> -----Original Message-----
> From: Greg KH <gregkh@xxxxxxxxxxxxxxxxxxx>
> Sent: Saturday, June 27, 2020 7:28 AM
> To: Changming Liu <charley.ashbringer@xxxxxxxxx>
> Cc: linux-usb@xxxxxxxxxxxxxxx; thomas@xxxxxxxxxxxxxxxx
> Subject: Re: [PATCH 1/4] USB: sisusbvga: change the char buffer from char
to
> u8 for sisusb_write_mem_bulk and sisusb_send_bulk_msg
>
> On Fri, Jun 26, 2020 at 03:34:14PM -0400, Changming Liu wrote:
> > This patch changes the types of char buffer declarations
> > as well as passed-in parameters to u8 for the function
> > sisusb_write_mem_bulk and sisusb_send_bulk_msg to aviod
> > any related UB.
> >
> > This patch also change the local buf[4] of sisusb_write_mem_bulk
> > to u8. This fixed an undefined behavior, since buf can be filled
> > with data from user space, thus can be negative given it's signed,
> > and its content is being left-shifted. Left-shifting a negative
> > value is undefined behavior.
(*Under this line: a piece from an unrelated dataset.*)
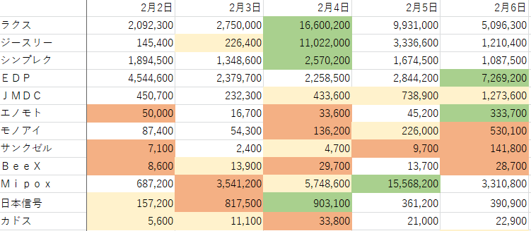 短期間の 俯瞰での出来高バイーン銘柄の方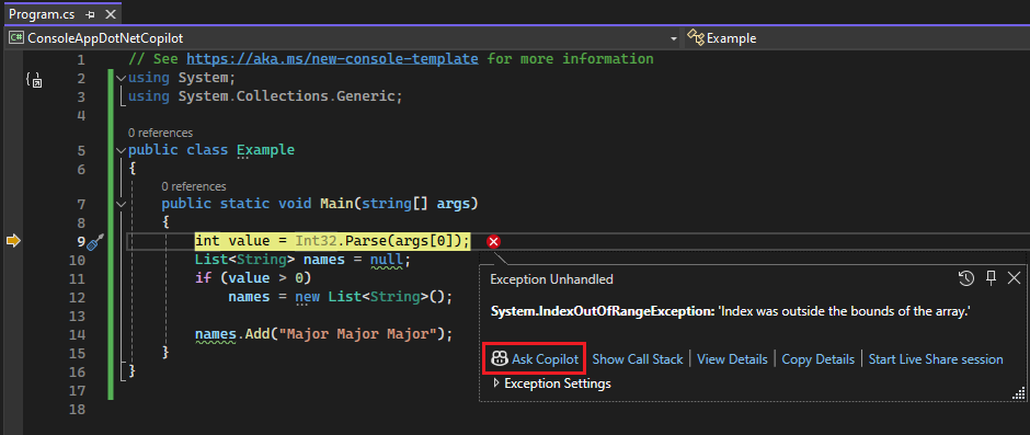 IndexOutOfRangeExceptionoccurs and the app pauses, showing the exception.To get AI assistance for the exception, continue to the next section.

It's fixed by changing the buf from
> > char to u8.
>
> In looking at this closer, it doesn't make sense to change the function
> parameters here, as everything that deals with the pointer already
> handles the change properly.
>
Quite, no security issue could possibly be raised without
these unnecessary changes.
>
> >
> > Signed-off-by: Changming Liu <charley.ashbringer@xxxxxxxxx>
> > ---
> > drivers/usb/misc/sisusbvga/sisusb.c | 14 +++++++-------
> > 1 file changed, 7 insertions(+), 7 deletions(-)
> >
> > diff --git a/drivers/usb/misc/sisusbvga/sisusb.c
> b/drivers/usb/misc/sisusbvga/sisusb.c
> > index fc8a5da..4aa717a 100644
> > --- a/drivers/usb/misc/sisusbvga/sisusb.c
> > +++ b/drivers/usb/misc/sisusbvga/sisusb.c
> > @@ -327,7 +327,7 @@ static int sisusb_bulkin_msg(struct sisusb_usb_data
> *sisusb,
> > */
> >
> > static int sisusb_send_bulk_msg(struct sisusb_usb_data *sisusb, int ep,
int
> len,
> > - char *kernbuffer, const char __user *userbuffer, int index,
> > + u8 *kernbuffer, const u8 __user *userbuffer, int index,
>
> So the kernbuffer pointer might want to be changed, but in looking at
> the code, there's no difference here, it can be left alone.
>
> The userbuffer does not need to be changed at all.
>
> > static int sisusb_write_mem_bulk(struct sisusb_usb_data *sisusb, u32
addr,
> > - char *kernbuffer, int length, const char __user *userbuffer,
> > + u8 *kernbuffer, int length, const u8 __user *userbuffer,
>
> Same here, these do not need to be changed.
Totally agree.
>
> > int index, ssize_t *bytes_written)
> > {
> > struct sisusb_packet packet;
> > @@ -761,7 +761,7 @@ static int sisusb_write_mem_bulk(struct
> sisusb_usb_data *sisusb, u32 addr,
> > u8 swap8, fromkern = kernbuffer ? 1 : 0;
> > u16 swap16;
> > u32 swap32, flag = (length >> 28) & 1;
> > - char buf[4];
> > + u8 buf[4];
>
> That is what should be changed, and in looking at the code path, I think
> that's it here.
>
> Sorry for taking you down the wrong path, but I think you should only
It's totally fine, I took this chance to thoroughly read the code
and learned a lot about how a typical linux driver is written : p
> change things that actually matter, and the above api changes don't
> change anything at all, right?
Yes, this is exactly what I felt when I was compiling the chances.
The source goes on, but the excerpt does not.